I tend to agree (what a surprise) with almost everything that you wrote.
The reasons why Lost was such a good show, was the fact that it ended on such a high note and that it will continue to be discussed. Because lets face it, it has been 4 days since the finale and people are still talking and questioning everything in the finale. That is what really illuminates how good a finale it actually was.
True, all the questions were not answered. Ones that stick out in my mind are:
1) What is the deal with the numbers?
2) Why didn't Walt appear in the finale?
and finally
3) How did Eloise become the "time-cop" and why didn't she help to wake the survivors up?

Overall, great post and extremely well done!


At May 27, 2010 at 2:18 PM , Blogger Hefnatron said...

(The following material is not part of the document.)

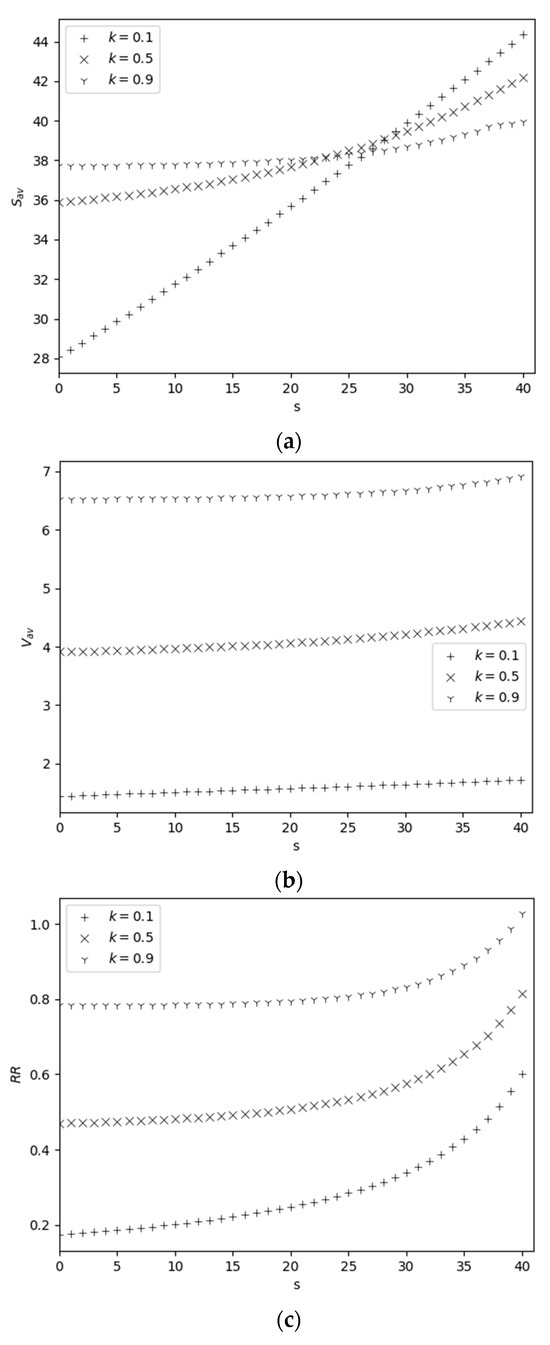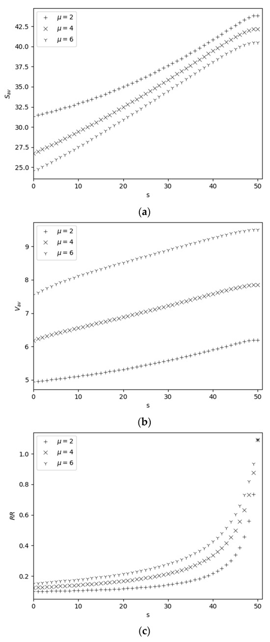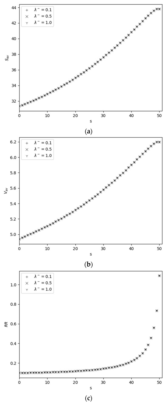 Performance measures are computed and numerically evaluated for different sets of values for the loading parameters and the reorder point. In all experiments, the values of the following parameters are fixed: So, Figure 1 shows the dependence of performance indicators on reorder point for the three different values of , where From these plots, we conclude that inventory-related performance measures are almost independent of the rate of c-customers but significantly dependent on the reorder point, see Figure 1a–c. Note that all inventory-related performance measures are increasing functions versus reorder points. Measure is an increasing function versus , and this fact was expected; see Figure 1a. At first glance, the increase in versus seems unexpected; see Figure 1b. However, this fact has the following explanation: as increases, the reorder rate increases (see Figure 1c), and as a result, the average order size increases. The is an increasing function with respect to because as increases, the probability that the inventory level is positive also increases and, hence, becomes an increasing function; see Formula (10) as well. For the selected data, the rate of its increase becomes very high at large (possible) values of the reorder point, see Figure 1c. In contrast, the queuing-related performance measures are almost independent of the reorder point, see Figure 1d,e. For selected initial data, the mean number of consumer customers in systems for all values of are very close to the buffer size (); see Figure 1d. Therefore, the loss rate is very close to ; see Figure 1e.

Well said David! I really enjoyed the final episode. While I get why some people didn't care for it because of the religious themes, I don't understand the people that are fuming mad about it — claiming it was a cop out. What the hell did they want? Why would any self respecting Lost viewer want ALL the answers revealed?
One of the greatest things about life is mystery. We'll never be able to figure everything out or get answers to all our questions. Even Einstein once said life without mystery would be extremely boring. I always felt this was a major underlying theme on Lost, and have always assumed that not everything was going to be answered. Fans who are pissed about not knowing what was in Ben's box or why the Smoke monster sounded like cicadas — were too obsessive and read in waaaay too much into the little things. In the end, I think they completely overlooked the big picture of the series – the characters.
Oh, and I've read that a Walt deleted scene from the finale might be on the DVD as well.